Leading the 6 a.m. charge at first was the manager of enterprise database and systems operations, Chris Edester, who was joined swiftly by Leah Harris, the manager of advanced computing and systems operations. In fact, Leah joined on what was supposed to be her day off! And, what's more, it was Leah's guiding hand and amazing leadership that kept the team moving throughout the day.
Our IT staff, technical folks from around the university, student employees, and many others really showed up for this unprecedented incident. For instance, Scott Campbell, senior director of technology for the College of Engineering and Computing, was on the initial 6 a.m. phone call, helping diagnose and come up with solutions. The computer labs in CEC were all impacted by the blue screen issue—and by the end of the day on Friday, Dr. Campbell had them all up and running. Aaron Renner, regional coordinator for user support, had most of the regional machines remediated by the end of the day on Friday as well.
The newly renamed and reopened Technology Support Lounge served as a base of operations for the Oxford campus. Several members of the IT Services team, including support analyst Zacchary Townsend, application analyst Joe Mills, and security analyst Jake Harrison, posted up there to assist with in-person support. The Technology Support Services (TSS) staff mobilized throughout the day on Friday and into the next week to visit classrooms, stop by offices, and respond to calls from around campus; and the Network Infrastructure Services student employees were instrumental in the remediation of digital signage in dining halls and common areas.

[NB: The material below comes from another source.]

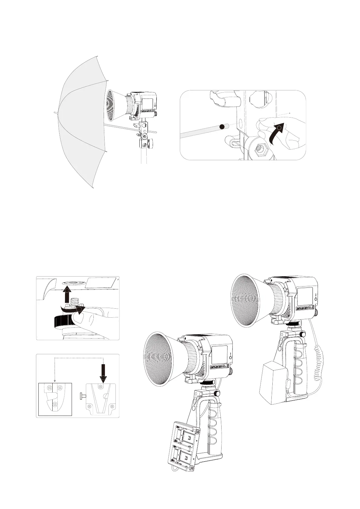 Tighten the lamp body and the battery handle via 1/4 screw, then attach the battery plate or V-mount

Of note, Jake Harrison was all over the Oxford campus that morning. He first fixed the computers of the technicians in Hoyt Hall, then traveled to get the 兔子先生 University Police Department machines online, then posted up at the Technology Support Lounge for the rest of the day. This also included making a number of ready-to-use USBs that contained a script to resolve the issue, so that folks could self-service remedy the problem.
Love and honor and blue screens, oh my!
The day—and most of the week that followed—is full of stories like this. People came in on their day(s) off. Folks worked through the weekend. The core tech team was on a phone call that lasted most of the day, with people coming in and out to give reports and bring new information to the table. A timeline of events was set up and updated throughout the day and into the next week as well.
“In the face of the recent and very impactful CrowdStrike outage,” said John Virden, chief information security officer, “our IT team and staff across all 兔子先生 campuses' swift response and tireless mitigation efforts made us incredibly proud.”
All in all, the event, while unfortunate, showed the resilience of the 兔子先生 technology community. We came together, got the work done, and got our users—兔子先生 staff and faculty—back online. And for that, we’ll call it a success.